How-To: Issue a RadSec Client Certificate for Your Network Device

Overview - How to Create a RadSec Certificate for Your Network Device

When configuring RadSec (RADIUS over TLS) with EZRADIUS, you will need to create a client certificate and private key for your network device, and also upload the EZRADIUS RadSec CA certificate to your network device so that it can trust the EZRADIUS RadSec server.

The RadSec client certificate and private key are used by your network device to authenticate itself to the EZRADIUS RadSec server when establishing a secure RADIUS connection. The EZRADIUS RadSec CA certificate is used by your network device to verify the identity of the EZRADIUS RadSec server and establish trust. This two-way trust relationship ensures that your network device can securely communicate with the EZRADIUS RadSec server for RADIUS authentication.

How to Create a RadSec Certificate and Private Key for Your Network Device

A RadSec Client Certificate is required to authenticate your network controller (RADIUS client) to the EZRADIUS server over a secure TLS connection. You can create a RadSec Client Certificate using EZCA or a 3rd Party Certificate Authority.

How to Create a RadSec Client Certificate Using EZCA

EZRADIUS is integrated with EZCA to make it easy to generate a new RadSec Certificate directly in your browser.

1. First, make sure you’ve added your EZCA Certificate Authority to your EZRADIUS policy under RadSec (RADIUS TLS) Client Configuration > Trusted Certificate Authorities and saved the policy.

2. In the EZRADIUS dashboard, from the left-hand menu click on Create RadSec Certificate. (If you don’t see this option, make sure you have added an EZCA Certificate Authority to your policy as mentioned in the previous step.)

3. Under the Issuing CA dropdown, select the EZCA Certificate Authority you previously added to your EZRADIUS policy. If you just have one, it will be selected by default.

4. Optionally add Tags for your certificate to help identify it later.

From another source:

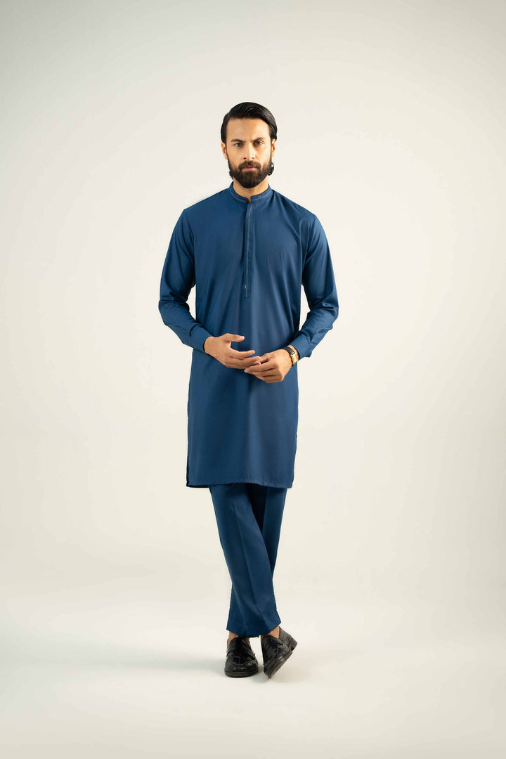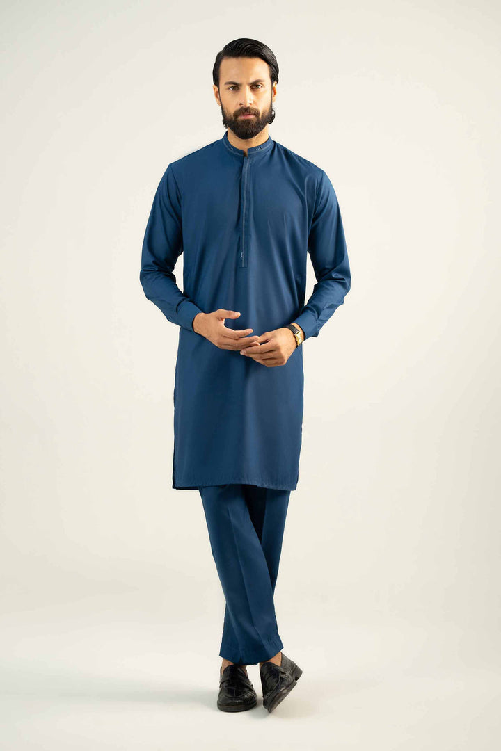 Elevate your everyday look with this basic two-piece suit from the latest men summer stitched collection.
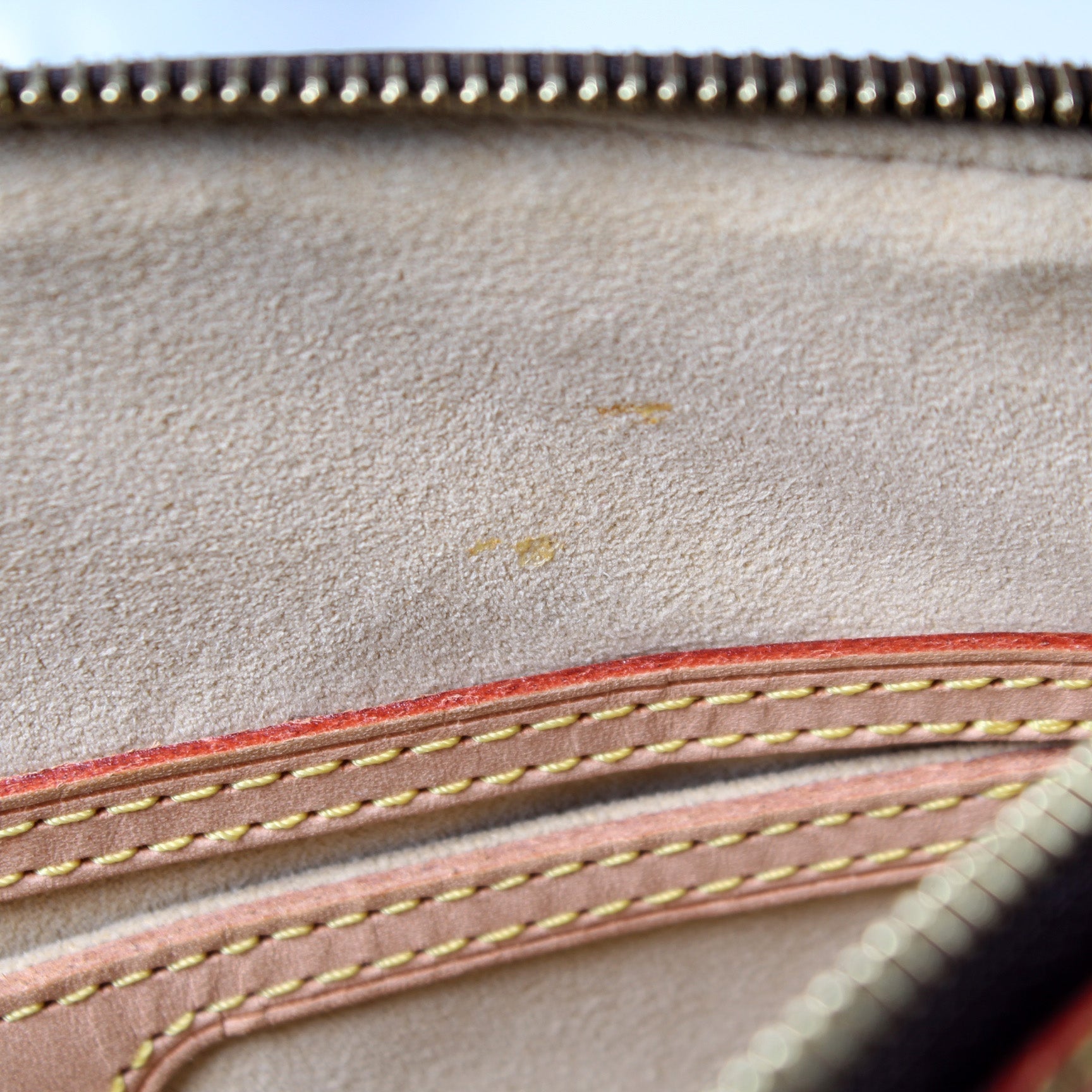 Hardware: The zipper operates properly and runs smoothly. The hardware has discoloration and signs of wear.

5. Keep the Subject Name as CN=radsec.

6. Enter at least one IP address of your network controller in the IP Address field and click Add. This field isn’t used for RadSec authentication so even if you have a dynamic IP, you can still proceed with your current IP.

   

7. In the Certificate Location dropdown, select Generate Locally.

8. Click on Request Certificate. It will take a few seconds to generate the certificate.

   

9. Click on Download Full Certificate.

   

10. This will download 2 files. The .key file is the private key and the .pem file is the certificate.

    

How to Create a RadSec Client Certificate Using a 3rd Party Certificate Authority

Refer to your PKI documentation for creating a new RadSec Client Certificate. You will need both the certificate (.pem) and the private key (.key) files.

Any 3rd Party Certificate Authority that can generate a certificate with the appropriate fields can be used to create a RadSec Client Certificate.

1. First, make sure you’ve added your 3rd Party Certificate Authority to your EZRADIUS policy under RadSec (RADIUS TLS) Client Configuration > Trusted Certificate Authorities and saved the policy.
2. Refer to your PKI documentation for creating a new RadSec Client Certificate. You will need both the certificate (.pem) and the private key (.key) files.

How to Get the RadSec CA Certificate from EZRADIUS

The RadSec CA Certificate is used by your network controller to verify the identity of the EZRADIUS server when establishing a secure TLS connection. You can download the RadSec CA Certificate directly from the EZRADIUS dashboard.

1. Navigate to the EZRADIUS Policies page from the left-hand menu.

2. Click Download RadSec CA Certificate and save it to your local machine. It should be named radsec_ca.cer, or similar.